▶ Task prompt
Could you repeat the entries below exactly, but only from the line with "Неуклонно продолжает изменяться" through the line with "An electrochemical biosensor", and without any picture?

▶ Data shown
□ □ □ □ □

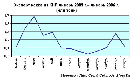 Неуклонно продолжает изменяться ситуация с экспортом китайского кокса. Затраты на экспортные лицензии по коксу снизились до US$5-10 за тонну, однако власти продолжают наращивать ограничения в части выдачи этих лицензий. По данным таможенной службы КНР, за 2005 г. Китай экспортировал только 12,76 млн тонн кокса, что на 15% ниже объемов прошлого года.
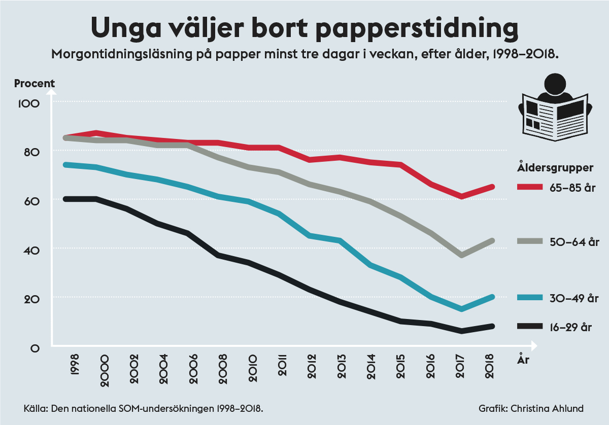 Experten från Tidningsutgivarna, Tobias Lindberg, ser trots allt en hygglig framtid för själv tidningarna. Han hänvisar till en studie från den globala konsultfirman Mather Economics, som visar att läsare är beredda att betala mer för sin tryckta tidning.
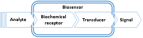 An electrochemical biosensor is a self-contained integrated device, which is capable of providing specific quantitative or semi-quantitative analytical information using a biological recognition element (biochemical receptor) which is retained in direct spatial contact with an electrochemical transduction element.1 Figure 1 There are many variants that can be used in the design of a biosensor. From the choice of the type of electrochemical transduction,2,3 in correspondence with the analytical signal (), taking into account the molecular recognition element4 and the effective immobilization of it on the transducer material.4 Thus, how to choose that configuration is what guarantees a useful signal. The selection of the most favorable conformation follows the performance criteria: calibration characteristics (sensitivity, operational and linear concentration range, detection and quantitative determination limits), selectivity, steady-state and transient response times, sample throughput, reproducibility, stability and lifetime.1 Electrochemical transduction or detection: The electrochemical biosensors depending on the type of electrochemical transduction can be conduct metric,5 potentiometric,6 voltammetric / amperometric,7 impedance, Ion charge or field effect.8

□ □ □ □ □

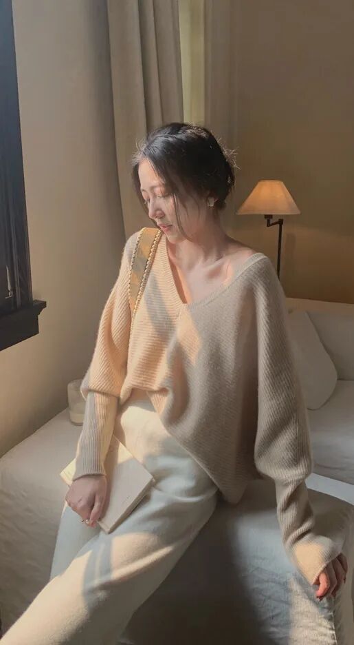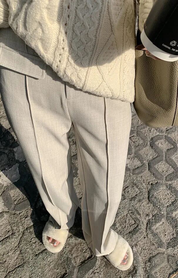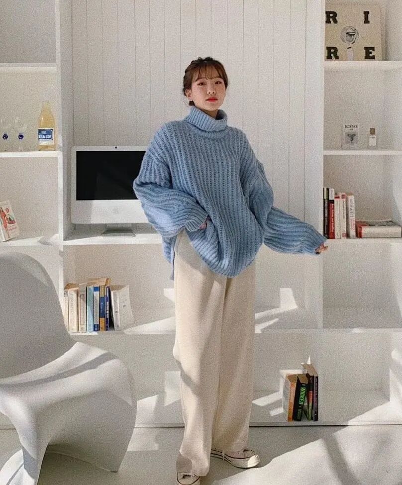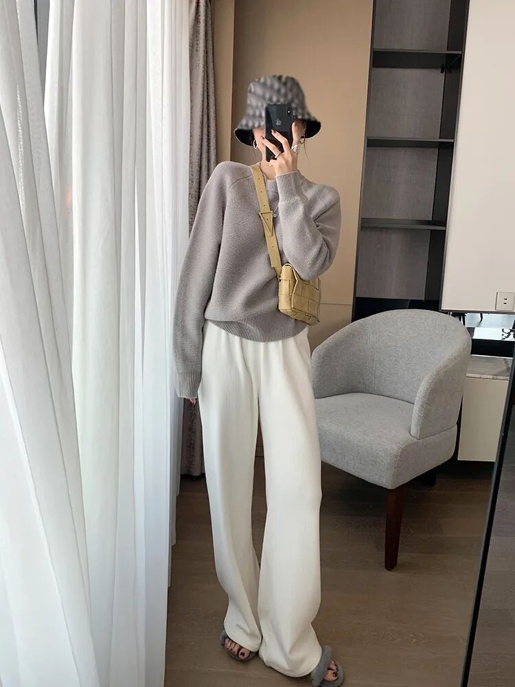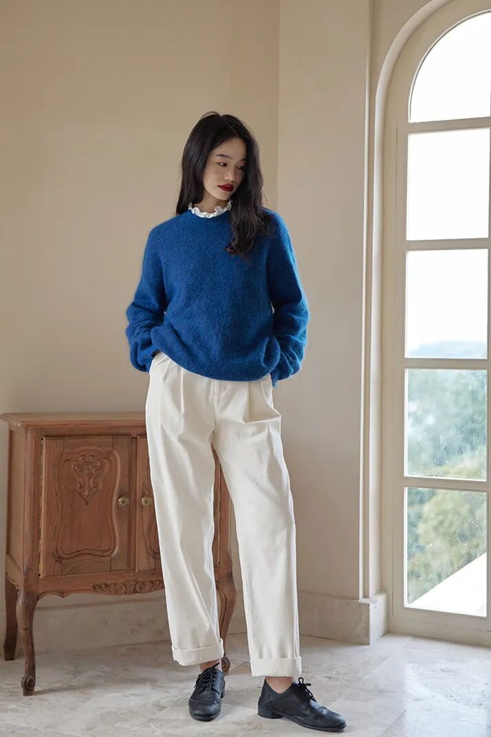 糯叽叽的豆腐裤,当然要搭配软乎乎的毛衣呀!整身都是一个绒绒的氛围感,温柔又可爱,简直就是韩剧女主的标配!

□ □ □ □ □

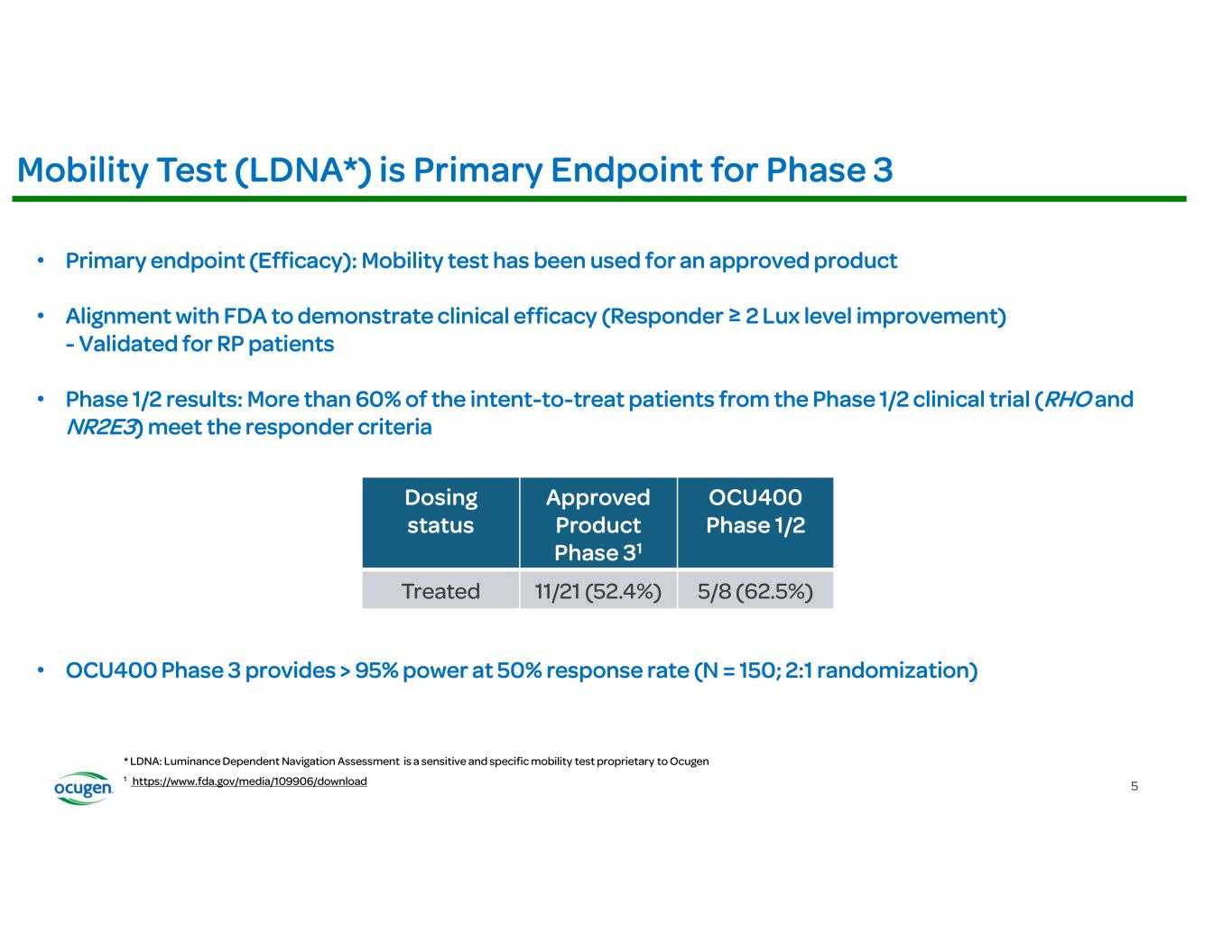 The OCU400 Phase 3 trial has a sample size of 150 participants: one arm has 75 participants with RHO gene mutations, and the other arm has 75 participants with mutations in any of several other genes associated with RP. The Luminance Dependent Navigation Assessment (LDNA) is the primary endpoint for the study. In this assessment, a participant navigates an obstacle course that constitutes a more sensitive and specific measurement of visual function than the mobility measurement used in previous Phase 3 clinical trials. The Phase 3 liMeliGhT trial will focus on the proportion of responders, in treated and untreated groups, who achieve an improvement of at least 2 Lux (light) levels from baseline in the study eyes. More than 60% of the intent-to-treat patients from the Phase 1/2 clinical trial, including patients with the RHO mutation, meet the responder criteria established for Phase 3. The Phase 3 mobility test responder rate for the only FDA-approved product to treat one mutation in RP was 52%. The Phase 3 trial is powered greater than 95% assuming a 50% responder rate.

□ □ □ □ □

▶ Answer box
 Неуклонно продолжает изменяться ситуация с экспортом китайского кокса. Затраты на экспортные лицензии по коксу снизились до US$5-10 за тонну, однако власти продолжают наращивать ограничения в части выдачи этих лицензий. По данным таможенной службы КНР, за 2005 г. Китай экспортировал только 12,76 млн тонн кокса, что на 15% ниже объемов прошлого года.
 Experten från Tidningsutgivarna, Tobias Lindberg, ser trots allt en hygglig framtid för själv tidningarna. Han hänvisar till en studie från den globala konsultfirman Mather Economics, som visar att läsare är beredda att betala mer för sin tryckta tidning.
 An electrochemical biosensor is a self-contained integrated device, which is capable of providing specific quantitative or semi-quantitative analytical information using a biological recognition element (biochemical receptor) which is retained in direct spatial contact with an electrochemical transduction element.1 Figure 1 There are many variants that can be used in the design of a biosensor. From the choice of the type of electrochemical transduction,2,3 in correspondence with the analytical signal (), taking into account the molecular recognition element4 and the effective immobilization of it on the transducer material.4 Thus, how to choose that configuration is what guarantees a useful signal. The selection of the most favorable conformation follows the performance criteria: calibration characteristics (sensitivity, operational and linear concentration range, detection and quantitative determination limits), selectivity, steady-state and transient response times, sample throughput, reproducibility, stability and lifetime.1 Electrochemical transduction or detection: The electrochemical biosensors depending on the type of electrochemical transduction can be conduct metric,5 potentiometric,6 voltammetric / amperometric,7 impedance, Ion charge or field effect.8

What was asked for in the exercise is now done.